▶ **ASSIGNMENT**
Output only the lines below from the one holding "hdr, c.cu, blushyspicy, betterwithsalt:1.4, best" down to the one holding "ゴロの取り方でも6年生に見本", both end lines included and every picture dropped.

BEGIN RECORDS SHOWN

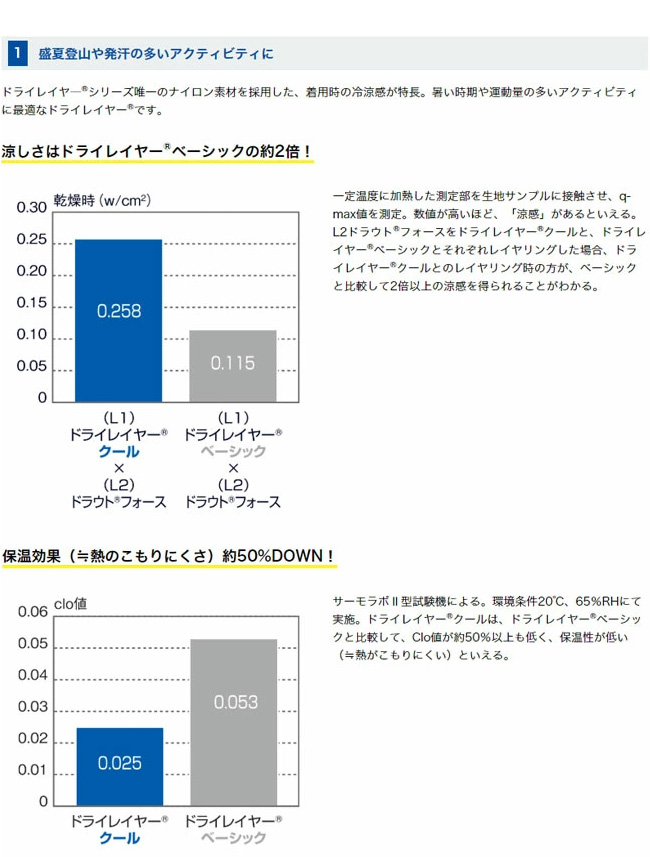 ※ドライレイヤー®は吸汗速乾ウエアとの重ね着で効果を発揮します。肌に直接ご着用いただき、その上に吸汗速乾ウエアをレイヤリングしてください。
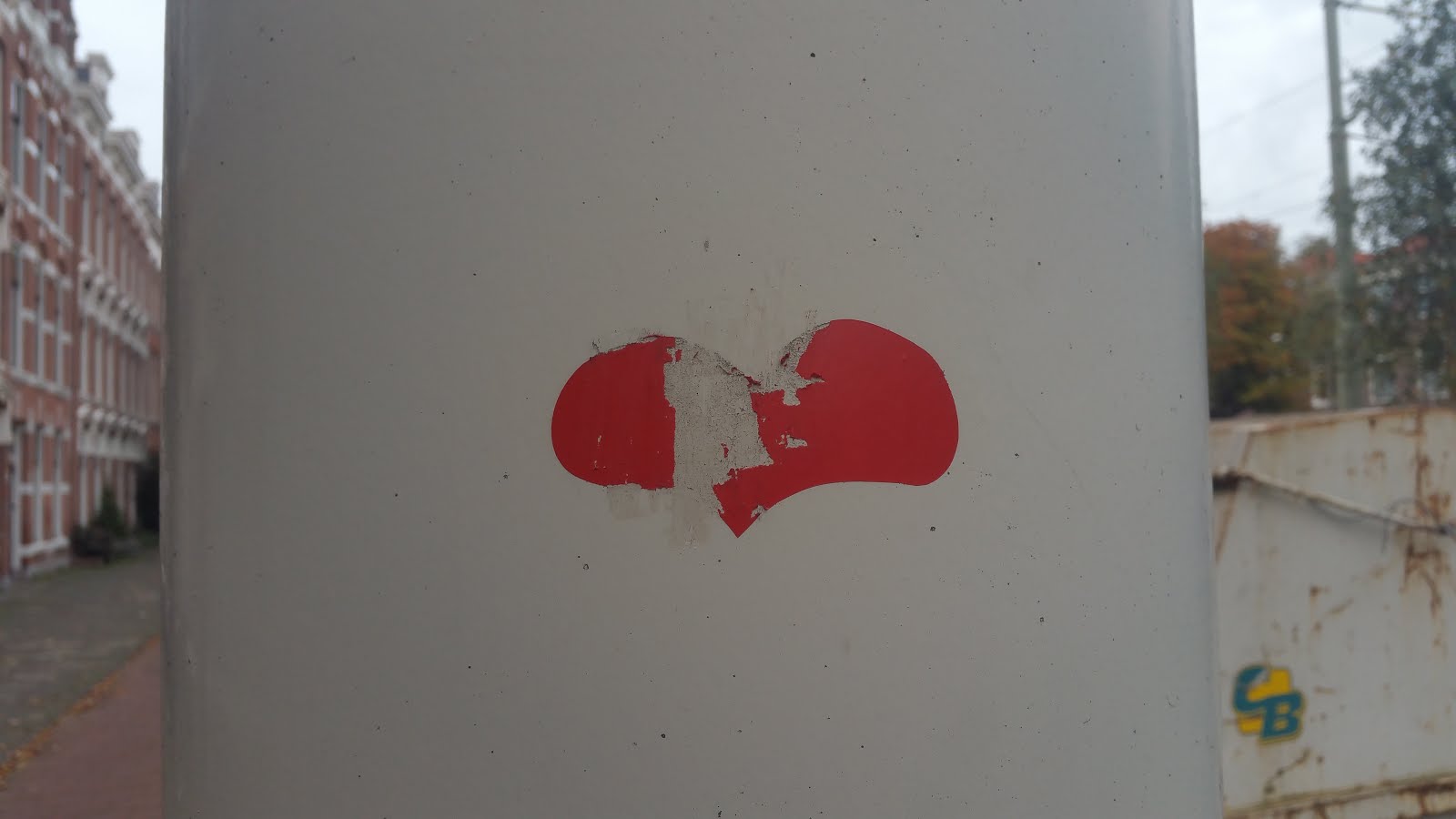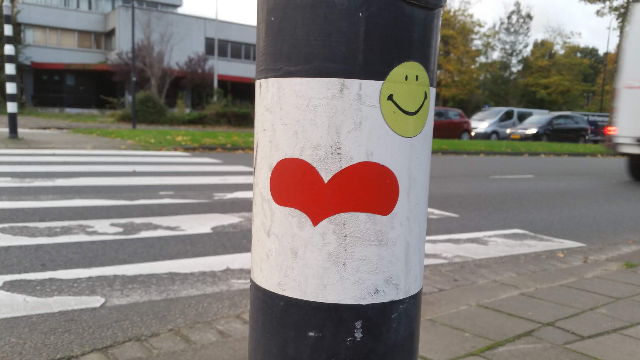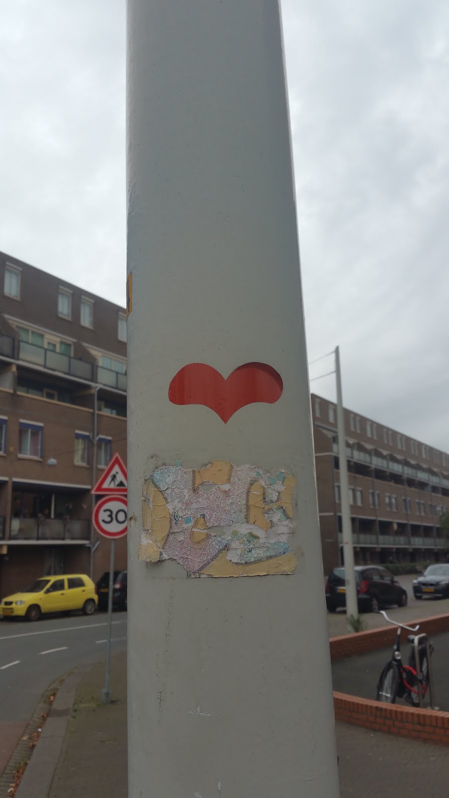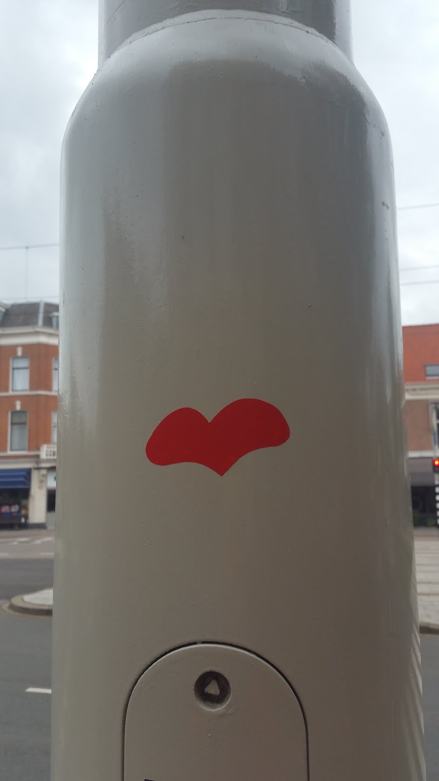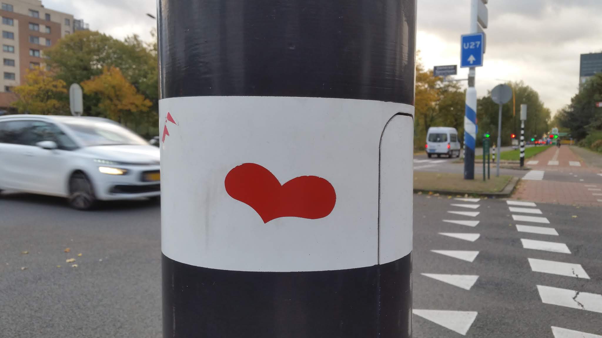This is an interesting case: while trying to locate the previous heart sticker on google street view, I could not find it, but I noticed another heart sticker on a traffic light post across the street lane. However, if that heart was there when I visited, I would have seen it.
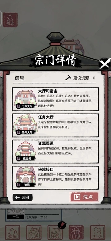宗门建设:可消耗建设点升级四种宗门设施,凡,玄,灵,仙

END RECORDS SHOWN
BEGIN RECORDS SHOWN

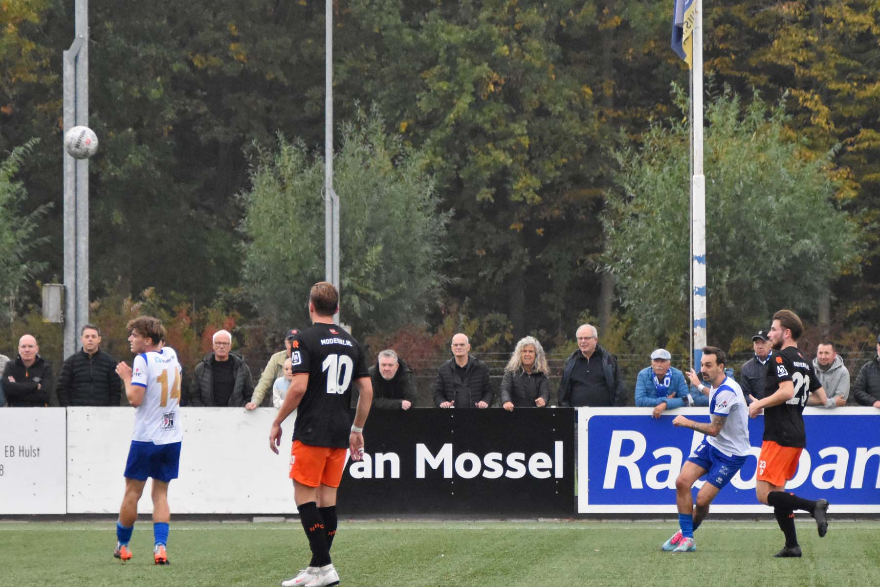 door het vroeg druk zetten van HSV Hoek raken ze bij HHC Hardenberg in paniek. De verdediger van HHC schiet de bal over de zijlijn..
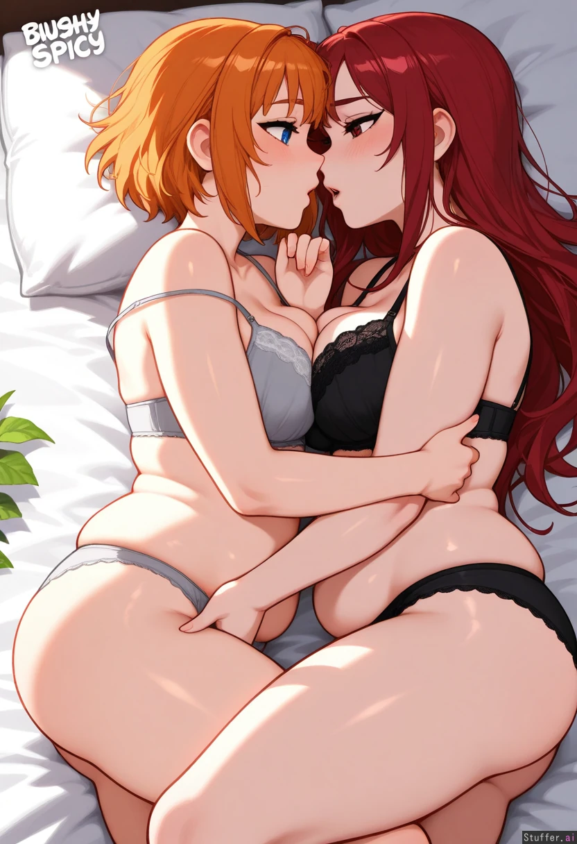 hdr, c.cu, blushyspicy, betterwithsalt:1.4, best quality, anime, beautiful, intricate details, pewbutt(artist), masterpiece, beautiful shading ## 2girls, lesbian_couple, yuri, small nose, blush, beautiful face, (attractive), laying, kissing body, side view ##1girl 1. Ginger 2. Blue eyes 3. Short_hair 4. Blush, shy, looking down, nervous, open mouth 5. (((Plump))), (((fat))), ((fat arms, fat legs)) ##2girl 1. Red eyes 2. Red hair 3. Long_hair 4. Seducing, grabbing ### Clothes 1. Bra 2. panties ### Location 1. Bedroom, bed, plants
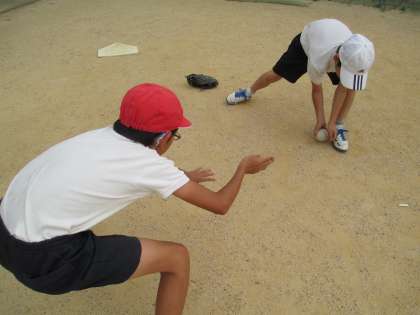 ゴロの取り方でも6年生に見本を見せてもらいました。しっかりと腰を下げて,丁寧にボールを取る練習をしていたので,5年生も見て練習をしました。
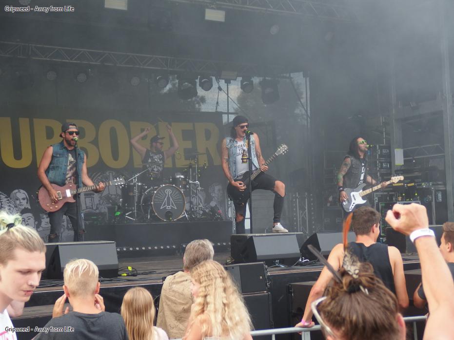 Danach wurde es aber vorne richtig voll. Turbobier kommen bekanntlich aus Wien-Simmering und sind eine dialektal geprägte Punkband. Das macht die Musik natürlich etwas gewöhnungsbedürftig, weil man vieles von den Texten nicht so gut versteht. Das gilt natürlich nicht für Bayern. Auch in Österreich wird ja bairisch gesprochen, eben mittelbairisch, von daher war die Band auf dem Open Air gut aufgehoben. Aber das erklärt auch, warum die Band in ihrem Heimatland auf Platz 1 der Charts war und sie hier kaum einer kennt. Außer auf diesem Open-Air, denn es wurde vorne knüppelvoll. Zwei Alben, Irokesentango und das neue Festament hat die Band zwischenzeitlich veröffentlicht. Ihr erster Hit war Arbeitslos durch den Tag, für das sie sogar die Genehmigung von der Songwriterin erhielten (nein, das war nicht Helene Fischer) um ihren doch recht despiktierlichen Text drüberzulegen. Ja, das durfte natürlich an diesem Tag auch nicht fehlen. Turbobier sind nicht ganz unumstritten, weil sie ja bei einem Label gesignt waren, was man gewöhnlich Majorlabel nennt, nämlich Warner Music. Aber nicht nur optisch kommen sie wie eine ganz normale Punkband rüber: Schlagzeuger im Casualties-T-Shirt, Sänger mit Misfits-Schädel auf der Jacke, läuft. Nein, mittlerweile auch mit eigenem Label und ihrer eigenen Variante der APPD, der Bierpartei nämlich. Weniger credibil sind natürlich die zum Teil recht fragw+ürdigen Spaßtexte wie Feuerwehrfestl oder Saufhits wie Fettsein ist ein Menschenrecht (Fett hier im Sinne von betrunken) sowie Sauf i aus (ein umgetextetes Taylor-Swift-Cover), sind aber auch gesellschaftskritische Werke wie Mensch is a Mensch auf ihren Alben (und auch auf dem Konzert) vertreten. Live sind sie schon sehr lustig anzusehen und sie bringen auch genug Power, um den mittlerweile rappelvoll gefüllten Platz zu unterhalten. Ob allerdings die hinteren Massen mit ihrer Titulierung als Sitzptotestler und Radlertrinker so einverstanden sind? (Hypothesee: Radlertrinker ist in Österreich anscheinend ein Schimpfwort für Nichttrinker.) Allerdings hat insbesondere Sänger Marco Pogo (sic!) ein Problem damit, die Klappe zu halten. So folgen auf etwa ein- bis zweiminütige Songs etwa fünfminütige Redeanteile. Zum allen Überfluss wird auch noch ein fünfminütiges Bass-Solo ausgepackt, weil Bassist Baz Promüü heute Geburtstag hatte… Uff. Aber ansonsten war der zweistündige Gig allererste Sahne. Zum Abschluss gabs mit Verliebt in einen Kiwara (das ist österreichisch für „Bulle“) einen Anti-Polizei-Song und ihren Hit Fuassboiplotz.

END RECORDS SHOWN

▶ **RESULT OF THIS EXERCISE**
 hdr, c.cu, blushyspicy, betterwithsalt:1.4, best quality, anime, beautiful, intricate details, pewbutt(artist), masterpiece, beautiful shading ## 2girls, lesbian_couple, yuri, small nose, blush, beautiful face, (attractive), laying, kissing body, side view ##1girl 1. Ginger 2. Blue eyes 3. Short_hair 4. Blush, shy, looking down, nervous, open mouth 5. (((Plump))), (((fat))), ((fat arms, fat legs)) ##2girl 1. Red eyes 2. Red hair 3. Long_hair 4. Seducing, grabbing ### Clothes 1. Bra 2. panties ### Location 1. Bedroom, bed, plants
 ゴロの取り方でも6年生に見本を見せてもらいました。しっかりと腰を下げて,丁寧にボールを取る練習をしていたので,5年生も見て練習をしました。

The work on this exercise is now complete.